Health workers now have trouble finding the people that a woman could have infected.

According to WHO, the woman vomited several times at Mpondwe, a market across the Ugandan border, on July 11.

She died a few days later from the Ebola virus in Congo, but spent time in the same market, according to a report from the Ugandan Ministry of Health.

The Ugandan Ministry of Health also said it was suspected that the woman had gone to Goma and Gisenyi in Rwanda to do business.

This scenario creates a state of anxiety among Rwandans and Ugandans at a time when the Ebola outbreak is becoming a public health emergency.

Public health emergency

The World Health Organization said on Wednesday that the Ebola epidemic in the Democratic Republic of Congo was a public health emergency of international concern.

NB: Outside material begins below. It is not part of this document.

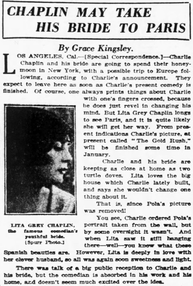 LOS ANGELES, Cal. – (Special Correspondence.) – Charlie Chaplin and his bride are going to spend their honeymoon

This is the second most serious Ebola outbreak of all time in DR Congo.

The decision to declare the epidemic a public health emergency of international concern was taken several months after the WHO refused, despite calls for health experts.

World Health Organization President Tedros Adhanom Ghebreyesus called on countries to "take action and redouble their efforts".

WHO defines the Public Health Emergency of Public Concern (PHEIC) as "an extraordinary event that is considered to pose a public health risk to other states as a result of the international spread of the disease and potentially coordinated international response ".

Up to now, there have been more than 2,500 cases of infection.

Nearly 1,670 people died in the provinces of Ituri and North Kivu, where several armed groups and lack of local trust hampered efforts to control the epidemic.